** STORED DATA **
┄┄┄┄┄┄┄┄┄┄
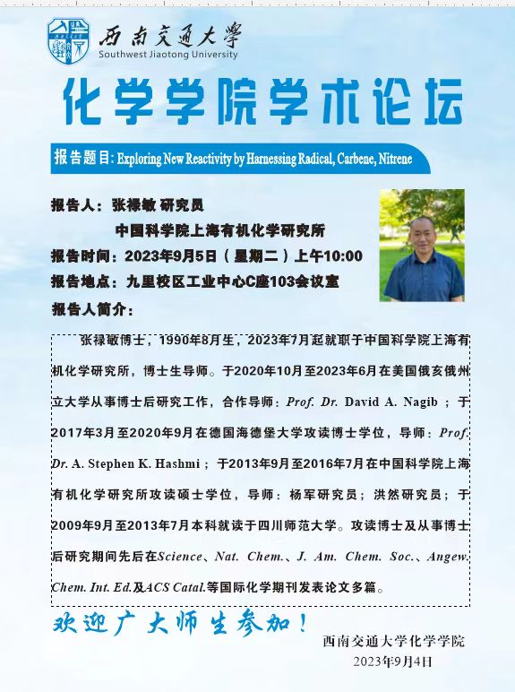 报告人:张禄敏 研究员 中国科学院上海有机化学研究所
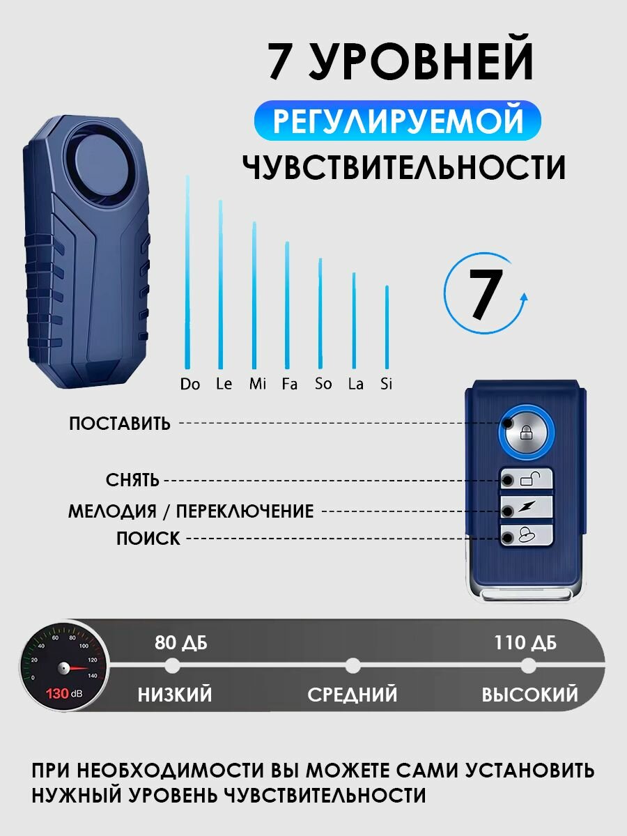 Отзывы на Сигнализация для велосипеда, электросамоката, мопеда 113 дБ от батареек с пультом управления IP55
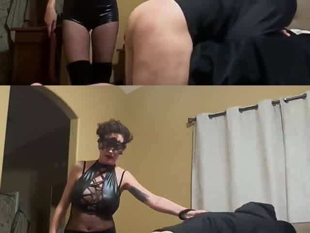 Group dominas pegging sissy cleaning guy
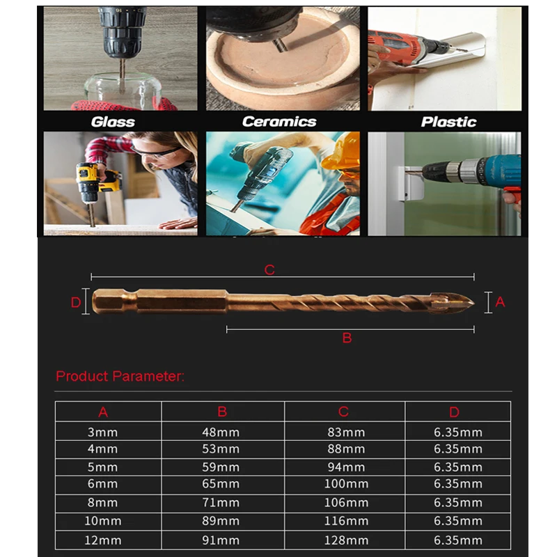 Набор сверл для перекрестного стекла из цементированного карбидного наконечника, керамические бетонные сверла, подходит для деревянных настенных зеркал и пластиковой плитки
┄┄┄┄┄┄┄┄┄┄
** DIRECTIONS **
Repeat the listing in full and exactly. Do not include any images.

** WRITTEN ANSWER **
 报告人:张禄敏 研究员 中国科学院上海有机化学研究所
 Отзывы на Сигнализация для велосипеда, электросамоката, мопеда 113 дБ от батареек с пультом управления IP55
 Group dominas pegging sissy cleaning guy
 Набор сверл для перекрестного стекла из цементированного карбидного наконечника, керамические бетонные сверла, подходит для деревянных настенных зеркал и пластиковой плитки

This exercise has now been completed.